For years, whenever anyone asked Raj Rajaratnam about the success of his hedge fund, the Galleon Group, he chalked it up to being hungrier than everyone else.


“It is pride, and I want to win,” Mr. Rajaratnam said in “The New Investment Superstars,” a book by Lois Peltz published in 2001. “After awhile, money is not the motivation. I want to win every time. Taking calculated risks gets my adrenaline pumping.”

Now prosecutors are claiming that Mr. Rajaratnam, 52, crossed the line into criminal activity.

At dawn on Friday, Mr. Rajaratnam was arrested at his expensive Manhattan home, charged with running the biggest insider trading scheme involving a hedge fund. He and five others are accused by the Justice Department and the Securities and Exchange Commission of relying on a vast network of company insiders and consultants to make more than $20 million in profit from 2006 to 2009.

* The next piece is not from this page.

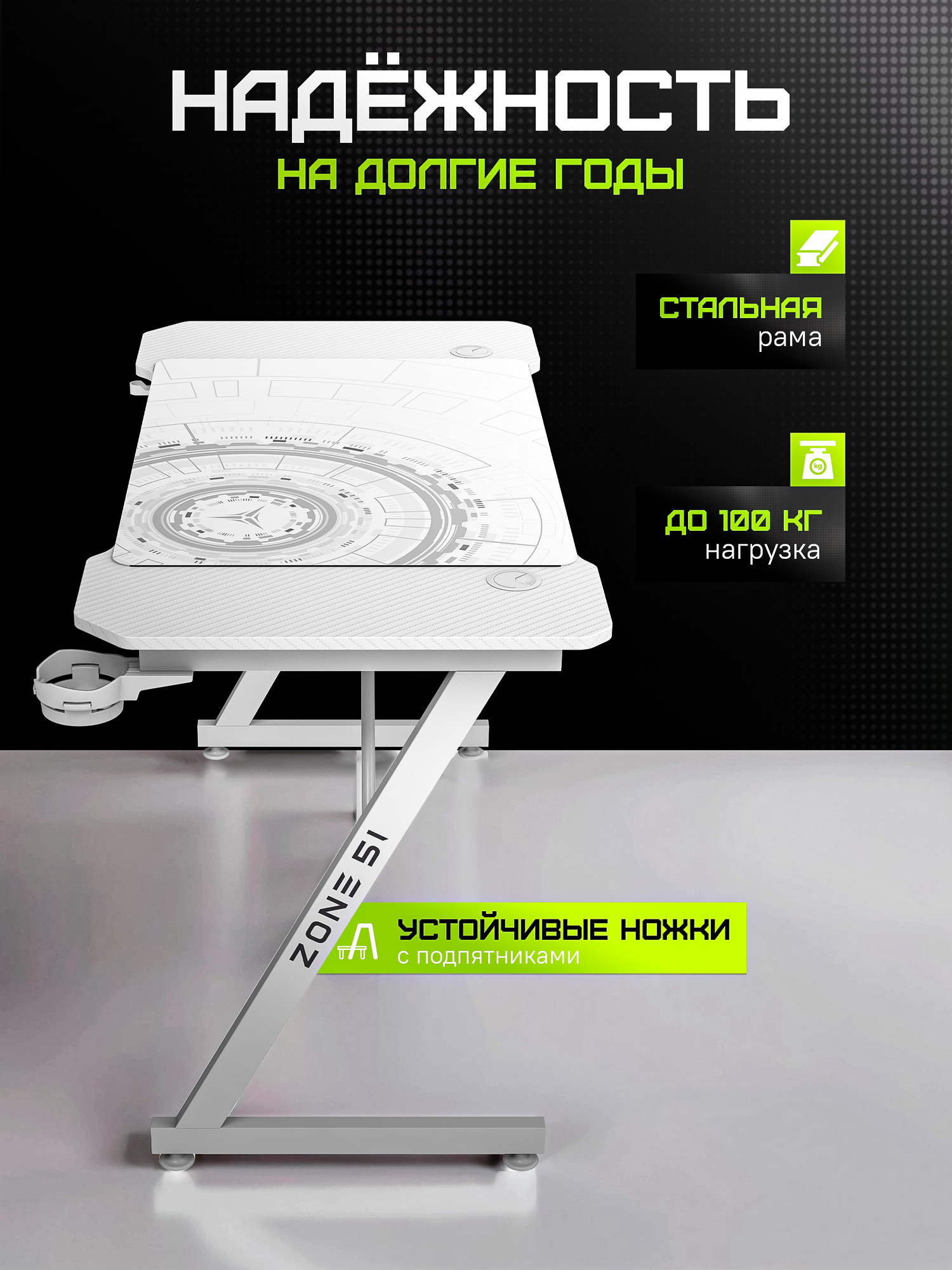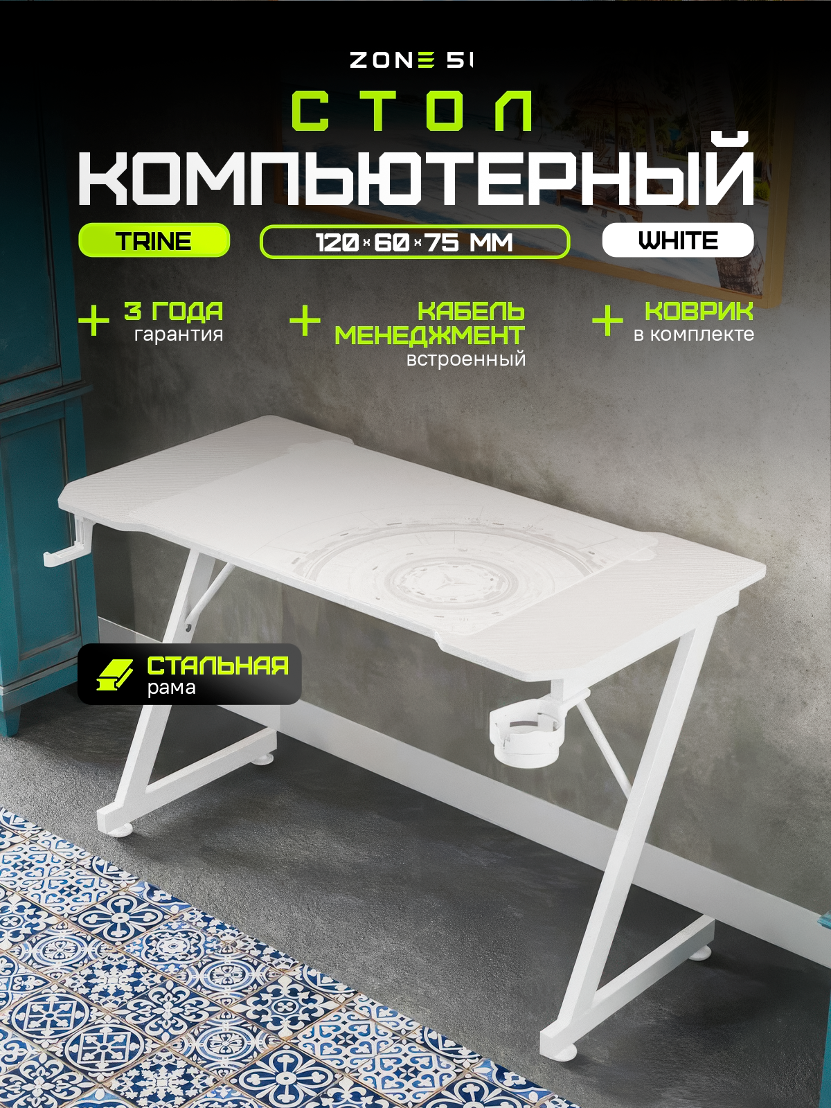 Стол компьютерный ZONE 51 TRINE 120 White - это сочетание стиля, функциональности и долговечности.

Mr. Rajaratnam’s lawyer has said his client is innocent. He is free on $100 million bail and is expected to be in the office Monday to address Galleon employees.

In 2007, Mr. Rajaratnam’s name arose in connection with an inquiry into fund-raising for the Tamil Tigers, the Sri Lankan rebel group that was defeated in May after a quarter-century of violence.

News of Mr. Rajaratnam’s arrest has also shaken the secretive hedge fund world, in which intelligence on companies is often shared among Wall Street analysts, traders and other investors.

“The defendants operated in a cozy world of ‘you scratch my back, I’ll scratch your back,’ ” Preet Bharara, the United States attorney for the Southern District of New York, said on Friday. He added that the case should be a “wake-up call” for hedge fund managers who even think about insider trading.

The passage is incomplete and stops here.